Gaslighting at Work: What It Is And How To Respond
- Andie Rox
- Mar 26
- 9 min read

"I never said that deadline was Friday. You must have misunderstood."
"You're being too sensitive about this feedback. Everyone else took it just fine."
"That project failure was entirely your responsibility—don't you remember taking the lead?"
If these statements sound familiar, you might have experienced gaslighting at work. This manipulative tactic distorts reality, undermines confidence, and creates toxic workplace cultures that stifle innovation and drive talented employees away.
This article examines the insidious nature of workplace gaslighting, how to identify it, effective responses when you're targeted, and how empathetic leaders can create environments where this harmful behavior can't take root.
What Is Gaslighting at Work? Understanding the Manipulation
Gaslighting at work occurs when a colleague, supervisor, or organizational culture systematically manipulates you into questioning your perceptions, memories, or professional competence. The term originates from the 1944 film "Gaslight," where a husband deliberately dims gas-powered lights while denying any change to make his wife question her sanity.

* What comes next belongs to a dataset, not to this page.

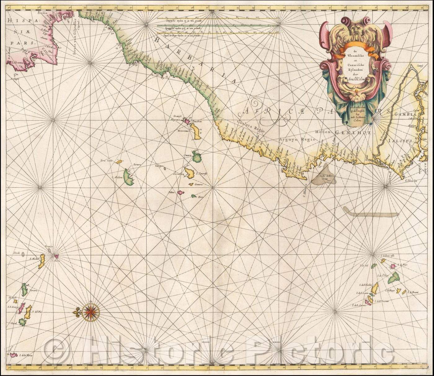 Historic Map - de Vlaamsche en Canarische Eylanden door Arnold Colom. / Sea Chart of west Africa, the Canary Islands, and Iberian Peninsula, 1658, Arnold Colom - Vintage Wall Art

In professional settings, gaslighting moves beyond simple disagreements or misunderstandings. It represents a pattern of manipulation with the intent to control, dominate, or deflect responsibility, often leaving victims feeling confused, anxious, and doubting their abilities.
Workplace gaslighting is particularly damaging because our professional identities significantly shape our self-concept. When someone undermines your workplace reality, they attack not just your perceptions but your professional worth.

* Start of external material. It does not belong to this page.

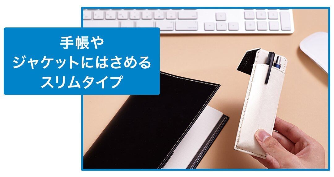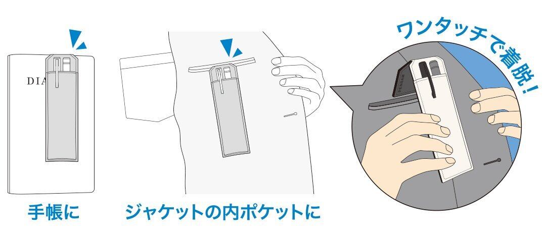 手帳やジャケットにはさめるスリムタイプ。

7 Common Forms of Gaslighting at Work
Gaslighting takes various forms in professional environments. Recognizing these patterns is the first step toward addressing them:
1. Denying Conversations or Commitments
A gaslighter claims conversations never happened or distorts what was said. They might deny giving specific instructions, then blame you for not following directions they never actually provided.
Example: "We never discussed that approach in our meeting. I clearly said to focus on market research first. The whole team heard me."
2. Trivializing Concerns and Feelings
When you raise legitimate concerns, the gaslighter dismisses them as overreactions, painting you as emotionally unstable or "difficult."
Example: "You're the only one who has a problem with the new reporting structure. Maybe you should work on being more adaptable like everyone else."
3. Shifting Blame and Responsibility
Gaslighters refuse accountability for mistakes while quick to claim credit for successes. They expertly reframe situations to cast themselves as heroes and others as incompetent.
Example: "The client presentation failed because you didn't prepare the materials I requested. I did everything possible to salvage the situation."
4. Withholding Information
By selectively sharing crucial information, gaslighters set colleagues up for failure while maintaining plausible deniability.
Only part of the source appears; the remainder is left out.